Bathing-suit ichthyosis (BSI) is a rare variant of ARCI and is distinguished from the other forms of ARCI by restriction of scaling to the trunk, with sparing of the central face, buttocks, and limbs. All cases of BSI published to date have been caused by mutations in TGM1, although mutations in TGM1 more commonly cause generalized ARCI [59– 61]. In 2006, Oji et al. showed that the specific TGM1 mutations that cause BSI may lead to temperature-dependent activity of transglutaminase, with marked decrease in enzyme function at higher temperatures [61]. This may account for the differential scaling observed in BSI, with greater disease manifestation at sites with relatively higher temperature, such as the trunk. More recently, several studies have identified additional mutations in TGM1 that contribute to BSI [62– 64], furthering the genetic understanding of this rare type of ichthyosis.

Syndromic ichthyoses

In 2016, Boyden et al. identified a novel cardio-cutaneous disorder known as erythrokeratodermia-cardiomyopathy (EKC) syndrome. Early clinical findings include generalized erythrokeratodermia, recurrent infections, and failure to thrive as well as wiry or absent hair, dental enamel defects, absence of secondary teeth, and nail dystrophy. A hallmark of EKC is initially asymptomatic, rapidly progressive, potentially fatal cardiomyopathy, which was found in all three patients with EKC published in the literature to date [65].

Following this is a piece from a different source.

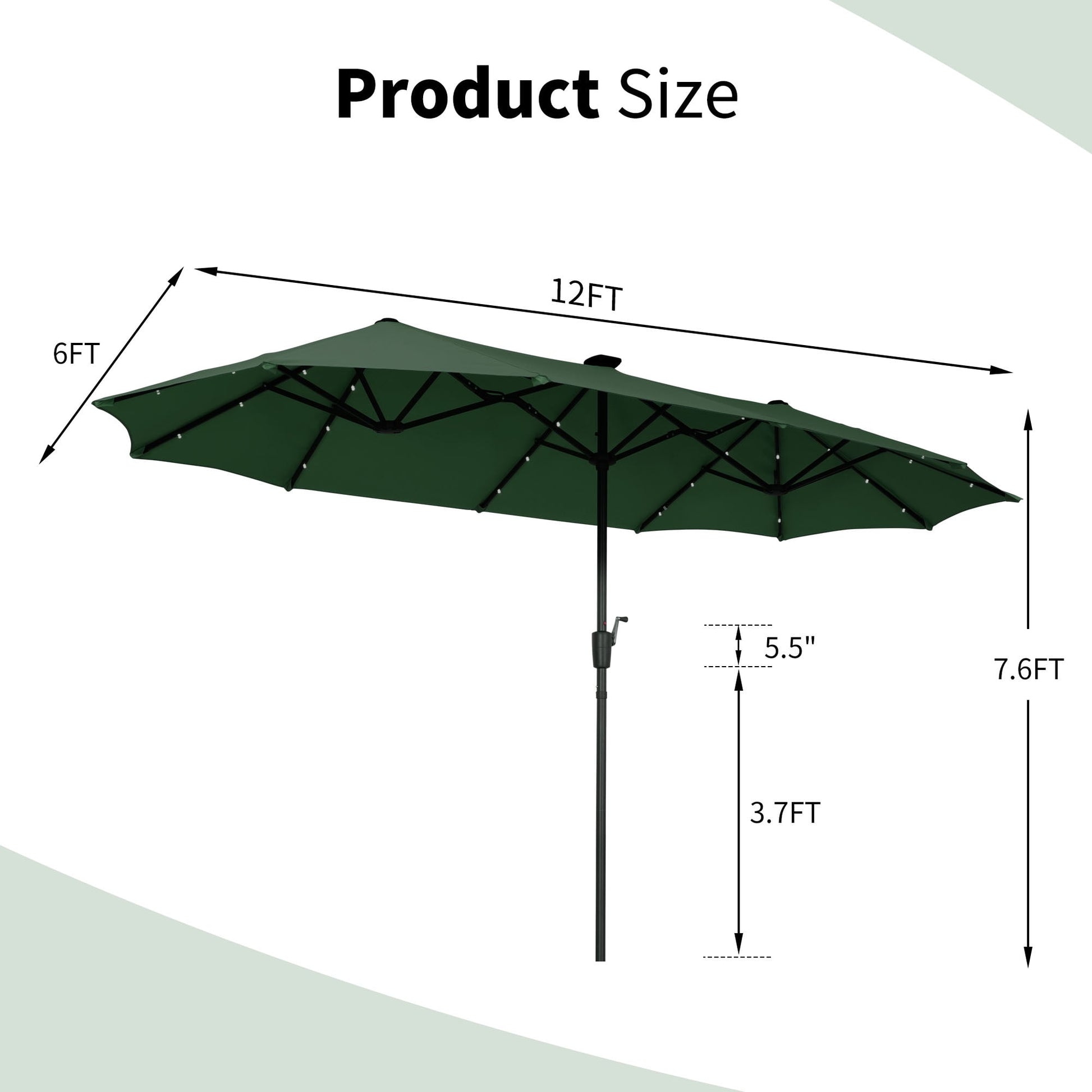 Autlaycil 13 Ft Solar LED Patio Umbrella, 36 Solar Powered LED Lights & Crank System for Garden, Deck, Poolside, Patio, Green

EKC is caused by mutations in DSP, which encodes desmoplakin, a primary component of desmosomes [65]. Desmosomes are intercellular adhesion junctions that are most abundant in the epidermis and the heart. DSP has been previously implicated in several disorders, including diseases with isolated cardiac manifestations and cardio-cutaneous syndromes. Examples of disorders caused by mutations in DSP include striate palmoplantar keratoderma, smooth palmoplantar keratoderma with woolly hair, Carvajal syndrome (dilated cardiomyopathy with woolly hair and keratoderma), and arrhythmogenic cardiomyopathy [66– 70]. However, EKC syndrome represents a distinct clinical phenotype and is the only disorder caused by mutations in DSP to present with erythrokeratodermia [65].

Although EKC syndrome is a distinct entity based on specific clinical features and unique pathobiology, its initial clinical manifestation can appear very similar to CIE, which would not prompt any further cardiac evaluation. The description of this novel syndrome emphasizes the critical, potentially life-saving importance of genetic diagnosis in patients with ichthyosis.

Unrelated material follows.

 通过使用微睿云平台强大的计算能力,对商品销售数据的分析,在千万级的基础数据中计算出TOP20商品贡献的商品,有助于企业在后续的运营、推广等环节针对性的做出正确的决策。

In 2011, Aldamesh et al. identified a novel neuro-ichthyotic disease caused by autosomal recessive mutations in ELOVL4 and characterized by ichthyosis, mental retardation, seizures, and spastic quadriplegia [71]. These phenotypic manifestations are similar to those of Sjögren-Larrson syndrome, a syndromic ichthyosis caused by mutations in fatty aldehyde dehydrogenase ( ALDH3A2) [30], but the neurologic findings in this newly described disorder are more severe [71].

ELOVL4 is a fatty acid elongase and plays a crucial role in the synthetic pathway of very-long-chain fatty acids (VLCFAs) [72]. VLCFAs have a wide range of functions, including cell signaling and maintenance of the epidermal barrier [73– 78]. Heterozygous mutations in ELOVL4 had been previously reported to cause macular degeneration [79], but Aldamesh et al. were first to report the involvement of homozygous ELOVL4 mutations in an ichthyosis syndrome, with both cutaneous and neurologic findings. In addition to identifying a novel syndromic ichthyosis, this finding highlights the importance of VLCFAs in both brain development and maintenance of epidermal barrier function. It also suggests the use of VLCFA replacement therapy as a possible therapeutic option for the treatment of patients with this disorder.